Reheis-Boyd not only presided as the Chair of the MLPA Initiative Blue Ribbon Task Force for the South Coast, but she also served on the task forces for the North Central Coast, South Coast and North Coast. Reheis-Boyd oversaw the creation of alleged "marine protected areas" that fail to protect the ocean from oil drilling and spills, pollution, military testing, wind and wave energy projects and all human impacts on the ocean other than fishing and gathering. 

David Gurney, independent journalist and co-chair of the Ocean Protection Coalition, commented on the opening of new lease-sales for hydrofracking - and Reheis-Boyd's role in pushing for increased fracking in California. (http://noyonews.net/?p=8215

"Last week, Secretary of the Interior Ken Salazar announced new lease-sales for Bureau of Land Management lands in California for 'fracking' development. Offshore areas are showing up on maps: reservoirs of underwater natural gas deposits, that lie under the ocean off Santa Barbara and Southern California," he said. 

"It's clear that government and petroleum officials want to 'frack' in the very same areas Reheis-Boyd was appointed to oversee as a 'guardian' of marine habitat protection for the MLPA "Initiative," said Gurney. 

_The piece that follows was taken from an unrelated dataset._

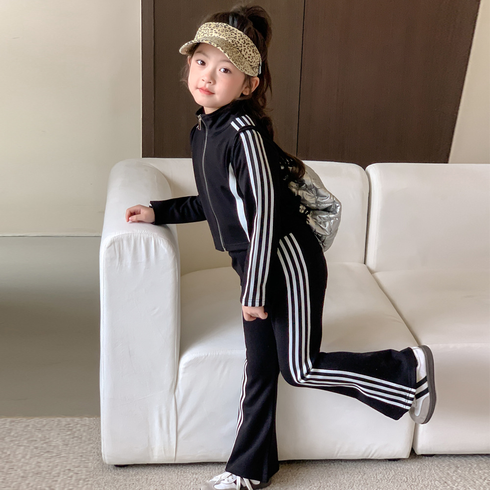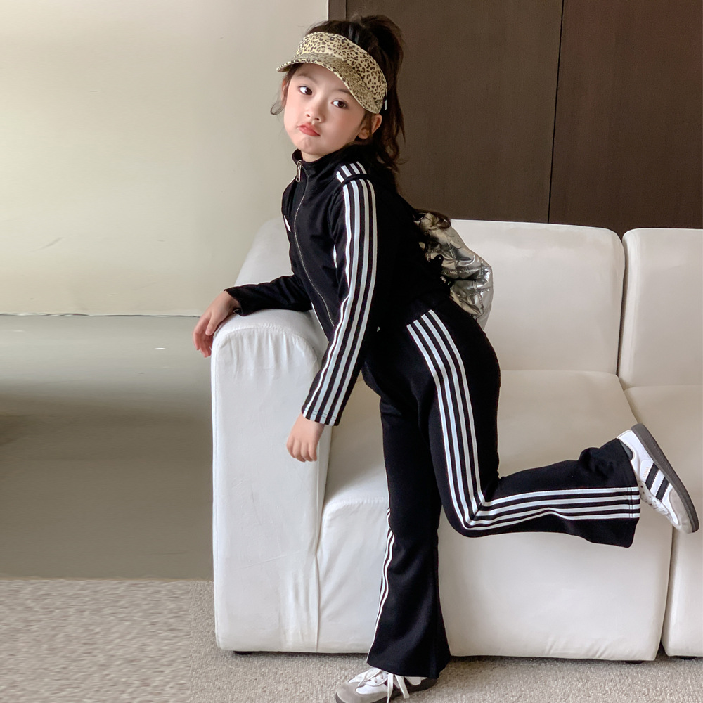 童装2024春女童修身拼色休闲套装中大童女宝长袖外套喇叭裤两件套

"What's becoming obvious is that Reheis-Boyd's expedient presence on the 'Blue Ribbon Task Force' for the MLPAI was a ploy for the oil industry to make sure no restrictions applied against drilling or fracking in or around so-called marine protected areas," Gurney emphasized. 

"Objections to the obvious conflict of interest of Reheis-Boyd at the top level of the MLPA 'Initiative' fell upon deaf ears during the MLPAI's run, and were in fact actively discouraged by the Kearns and West energy interest facilitators during the quasi 'public process,' during which fishing and food gathering interests were exclusively thrown off areas of ocean slated to become sacrifice zones for oil industry pollution," concluded Gurney. 

Besides lobbying for fracking, Reheis-Boyd has been relentlessly pushing for new offshore oil drilling, the construction of the Keystone XL pipeline and the evisceration of environmental laws. 

It is beyond shameful that state officials such as Natural Resources Secretary John Laird and MLPA Initiative advocates embraced the oil lobbyist's questionable role in creating alleged "marine protected areas" on not only the South Coast, but on the Central Coast, North Central Coast and North Coast.